第39話 「暴風」
「総員、迎撃用意っ!!」
白い翼を羽ばたかせ急降下する獣へ向けて、マテリアが指示を出す。
その号令と共に、行進を止めた兵士達が一斉に弓矢を構える。その標的はもちろんグリフォンだ。
その獣の咆哮と大気を切り裂く急降下音が王都を襲い、我先にと一斉に逃げ惑う群勢。その騒ぎに驚いてか、檻に閉じ込められている獣達が鎖が食い込むのもお構い無しに暴れている。

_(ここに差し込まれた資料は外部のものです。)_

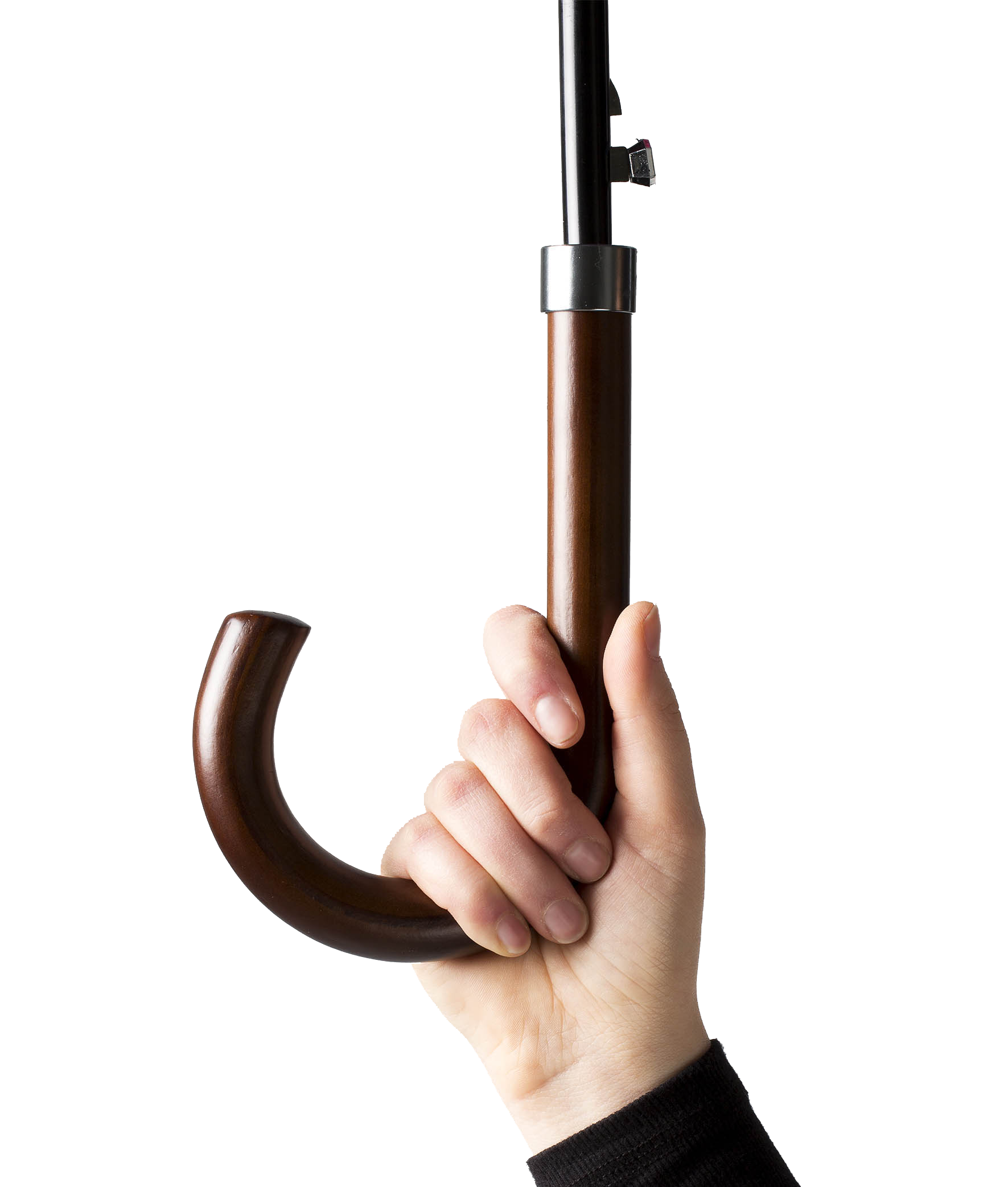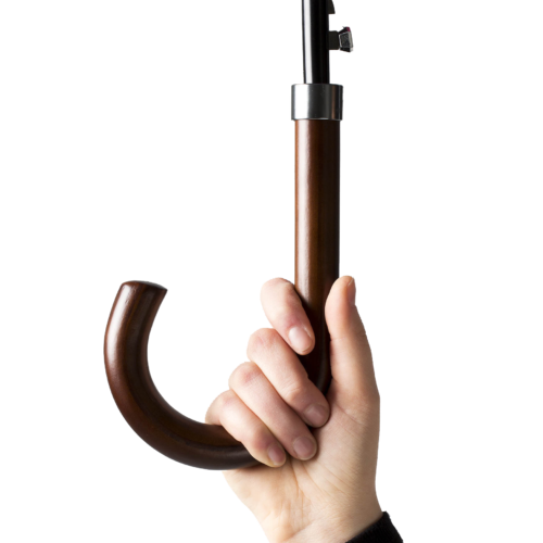 Auto open double layer straight umbrella with wooden handle.
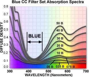 Nominal peak densities of blue color compensating filters are listed in Table 1, along with the expected exposure increase in f-stops for this series of filters.
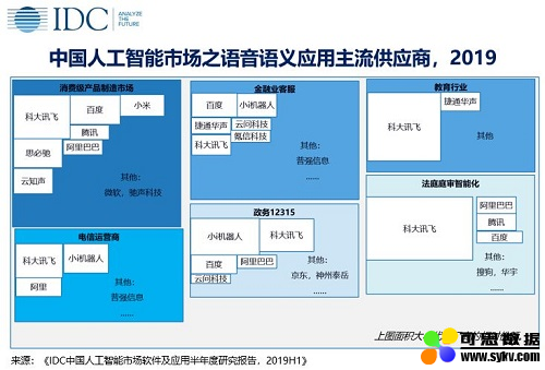 语音语义领域,算法的创新仍在继续,2019年走向市场的新算法模型包括Bert,Xlnet,ERINE。从应用场景看,占据市场规模最大的应用场景包括消费级市场的语音助理,企业级市场对话式人工智能客服,以及教育行业的口语测评和法庭庭审智能化。下图展示了IDC追踪的在各应用场景下的主流厂商,其中面积大小代表了厂商的相对份额。
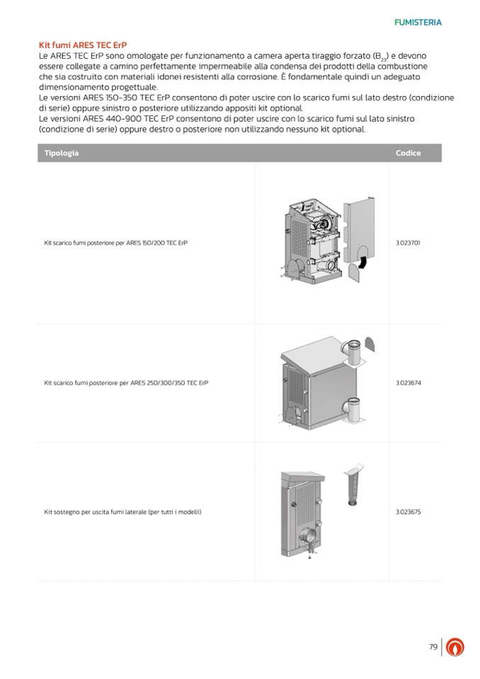 Le ARES TEC ErP sono omologate per funzionamento a camera aperta tiraggio forzato (B
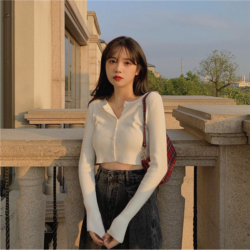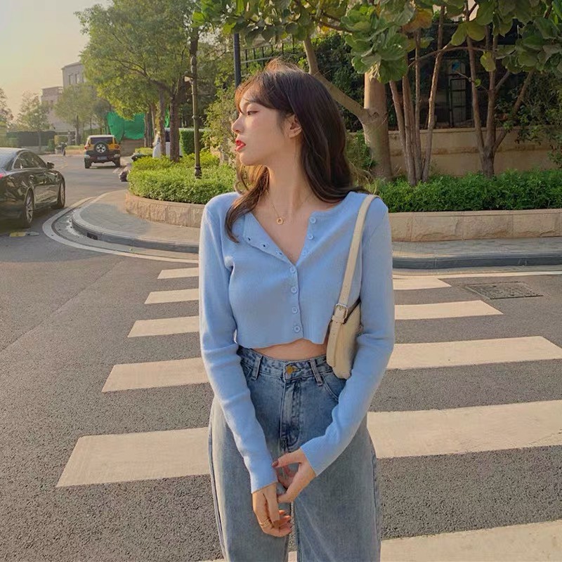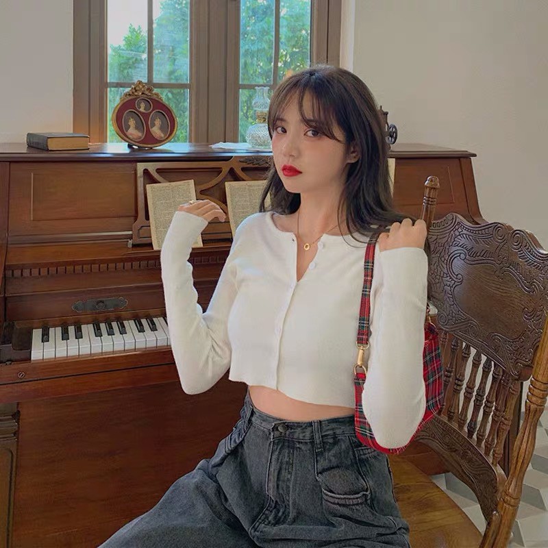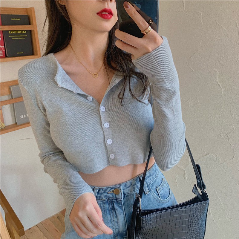 AimeiBeauty Korean bottoming slimming crop long sleeve knitted cardigan

飛んでくる矢をその翼から暴風を作り出して払いのけ、着底するグリフォン。
「魔槍部隊!グリフォンを囲め!」
槍を構えた兵士達が逃げ道を塞ぐように取り囲んで行く。だが、グリフォンは動じることなく、翼を羽ばたかせ暴風を生み出しながら何かを探すような素振りを見せていた。
「くっ…うぅっ!!」
暴風で飛ばされないようにテーブルの下に避難するも、おばさんが咄嗟に庇ってくれなければ吹き飛ばされていただろう。
「フェリスちゃんしっかり掴まるんだ!!」
「お、おばさん…!!」
暴風吹き荒れる中、襲来したグリフォンが近付く衛兵達を次々と薙ぎ倒しているのが見えた。

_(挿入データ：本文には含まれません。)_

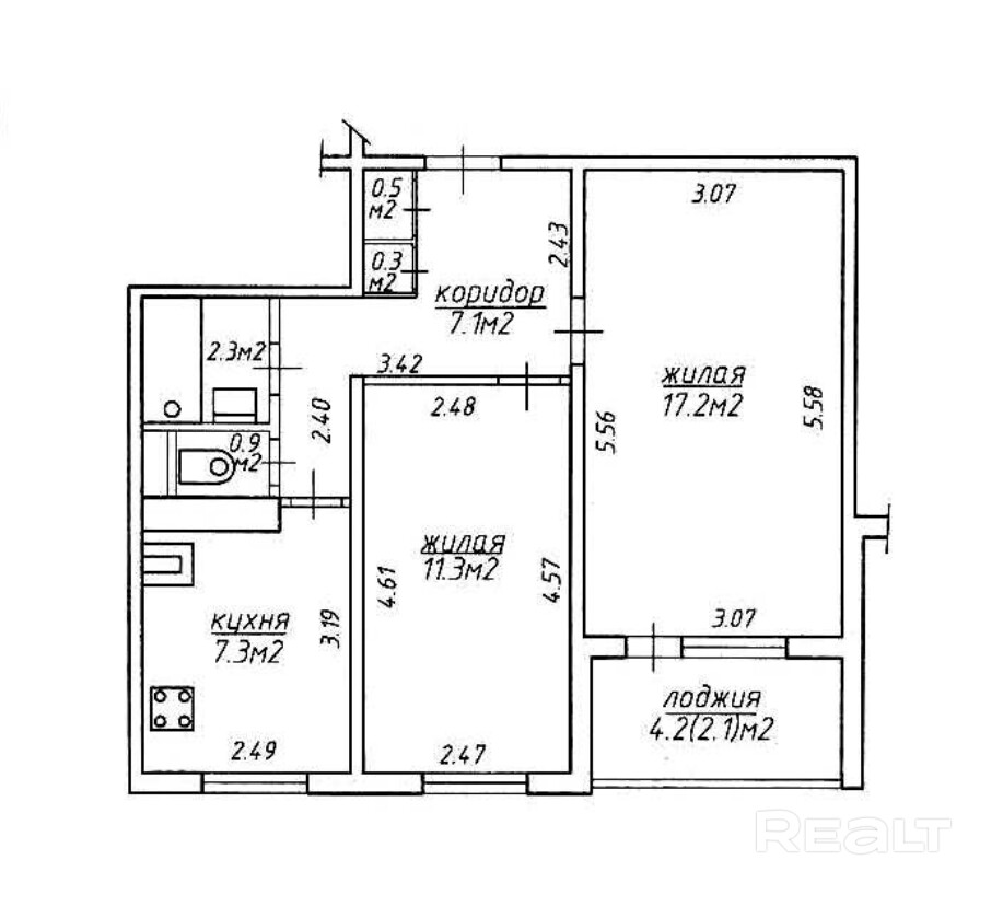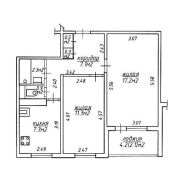 Планировка включает в себя две изолированные комнаты, просторную гостиную, отдельную спальню, кухню и раздельный санузел.
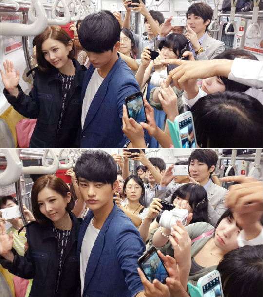 사진을 접한 누리꾼들은 “김유리 서인국 지하철 데이트 같다” “주군의 태양 촬영 장면인 듯” “이러다 스캔들로 검색어 1위 찍을 기세” 등의 다양한 반응을 보였다.
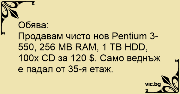 Продавам чисто нов Pentium 3-550, 256 MB RAM, 1 TB HDD, 100x CD за 120 $. Само веднъж е падал от 35-я етаж.

その荒れ狂う姿には恐怖を感じるが、どこか必死に何かを探しているようにも見える。
まさか、捕えられていたグリフォンを探しているんじゃ…
檻に閉じ込められているグリフォンに目を向けると、まるで襲来したグリフォンに居場所を伝えようと鳴いていた。それに気付いたのか、衛兵を倒しながらグリフォンは近付いていっている。
だが、そこに立ち塞がる人影が…
「……。」
あれは…マテリアさん…?
鞘から剣を抜き立ち尽くしているが、どこか悲しげな表情をしているように見える。
だが、グリフォンはその鋭い鉤爪を振りかざし、マテリアへ振り下ろした。
「あ、危ない…!?」
「『プロティアル』…!」
その瞬間、マテリアの突き出した剣先がグリフォンをかすめると、グリフォンはその場に音を立てて倒れた。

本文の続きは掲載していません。